We are seeing lots of cool nature stuff though, including monarchs - finally! There are lots of little eggs on our milkweed, which is just so dang exciting. Remember the Monarch Tent from last year?

We aren't doing that this year to try and keep disease low, but continue to work to improve their habitat here and work with township officials to safeguard roadside milkweed. Sometimes a little pink flagging and a friendly ask can work magic.

Steve found a fabulous find on our Tulip Poplar - the super beautiful Promethea Moth caterpillar:

We've found 4 on the tree so far and are enjoying watching the leaves disappear knowing they are raising one of the magnificient silkmoths that continues to struggle. (Here's an older article on this topic.)

Want to see a 1.5 minute video on this sweet little tree of ours featuring these caterpillars? Click here.

In other nature news, I met on several occasions one of the huge, fabulous Fishing Spiders (Dolomedes tenebrosusin our basement. This one lives primarily in wooded areas and ventures indoors fairly frequently. They eat most anything they can find and subdue.

A Clymene moth (Haploa clymene) was spotted on one of our Red Cedars we recently planted for a wind break. We saw dozens of these many years ago at Swamp Angel Nature Preserve in IN so it was fun to find one again.
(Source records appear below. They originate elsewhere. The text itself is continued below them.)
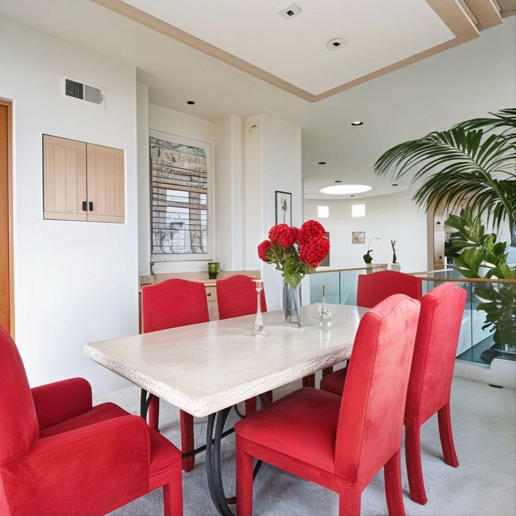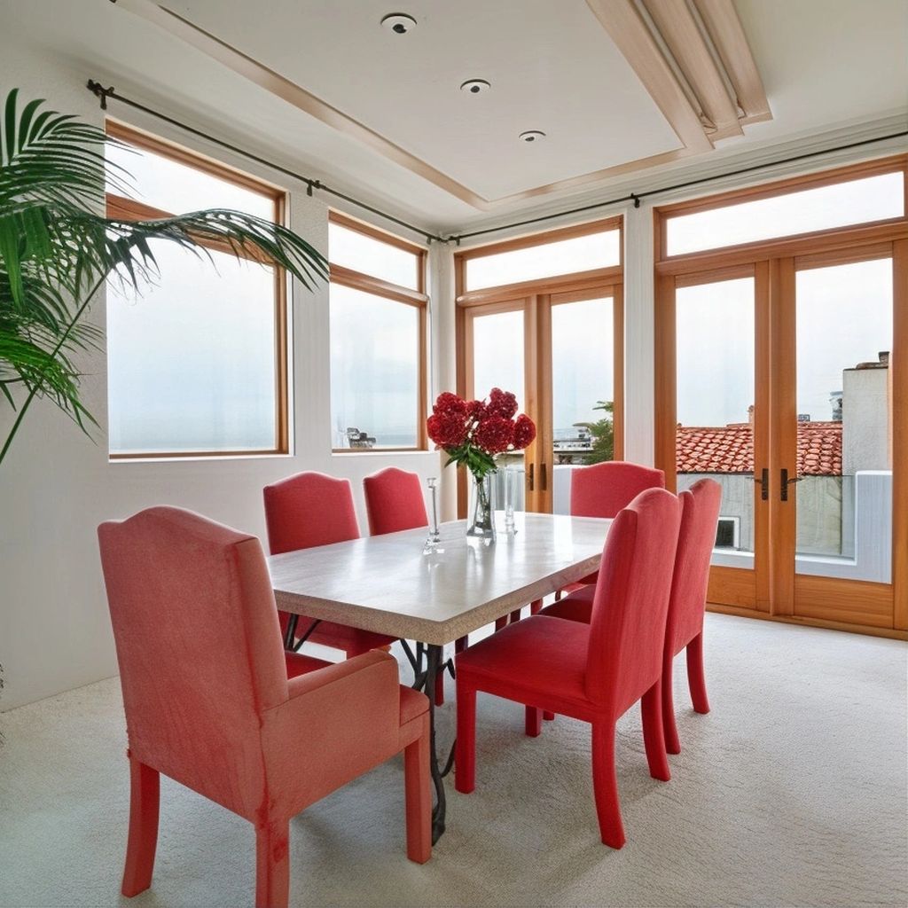 Custom cabinetry in a matte finish conceals storage while maintaining a clean, modern profile. Under-cabinet lighting and pendant fixtures provide ambient and task illumination. The adjacent dining area is positioned beneath clerestory windows, bathing the space in sunlight and offering views of the courtyard garden beyond. Whether hosting guests or enjoying a quiet meal, the kitchen serves as a seamless extension of the home’s easygoing yet refined atmosphere.
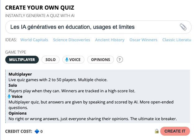 En version gratuite, choix multiples et opinions avec 10 questions par quiz. 5 crédits à l’inscription pour le mode solo (1 crédit par quiz) ou le mode voix avec d’autres types de questions proposées (5 crédits), édition en mode payant.
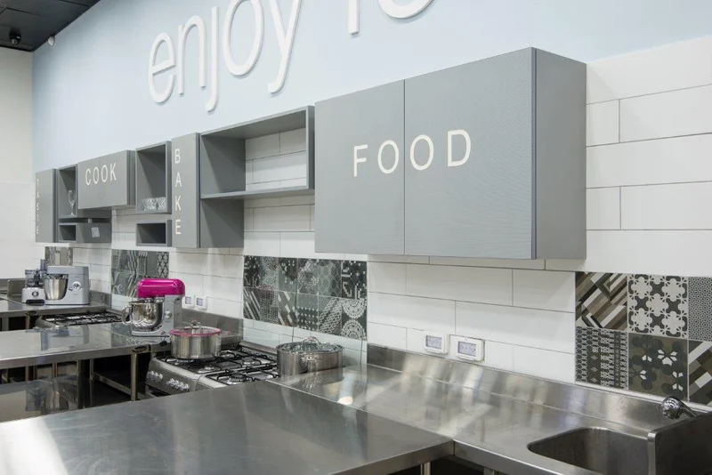 בחלל האקדמיה עצמו השתמשתי בתקרת פח מונמכת בצבע שחור בשילוב אריחים תלויים בגבהים ומידות שונות ליצירת עניין עיצובי ומתן מענה לבעיות אקוסטיות. באלמנטים תלויים מהתקרה מנירוסטה(רשתות), השתמשתי למתן מענה פונקציונאלי לאחסון ותלייה של אביזרי בישול.
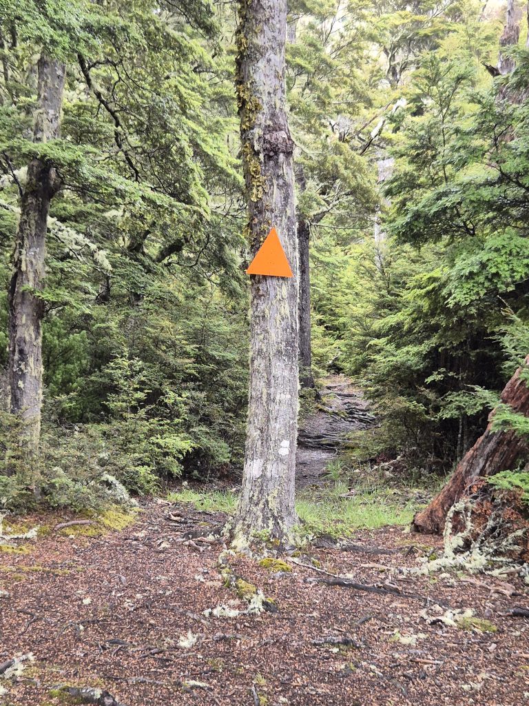 Efter sadlen snoede stien sig nedad gennem skoven igen. Denne gang ned til Boyle River, som ruten fulgte helt til Boyle Flat.

The caterpillars feed on Eupatorium species, oak, peach and willow and the land grows all those here.

Summer is also a great time for visiting with friends and we are so grateful to everyone who documents since we always manage to forget. We met up with our favorite Art Grange folks to spend the day exploring art (clay/fiber, willow) and nature at an open house in Roseville Ohio. If you are local, make sure you attend in the's a beautiful and inspiring place.

Michelle and I were so charmed we started flying around like butterflies and birds!

The willow sculptures, fences, gates, baskets, etc. are so so cool. Steve is pondering this, of course.

We traveled to see family and friends; family and friends came to see us in Ohio. Life is good. Here's Jennifer's family:

Nope, we aren't twins...two years apart. Love this girl!

We continue to work our native plant nursery (thanks to everyone who has already helped spread these plants out into the world to work their magic!) and soak up all the goodness of life. The insect chorus happening now is one of our most favorite annual events. More soon. Take care everyone.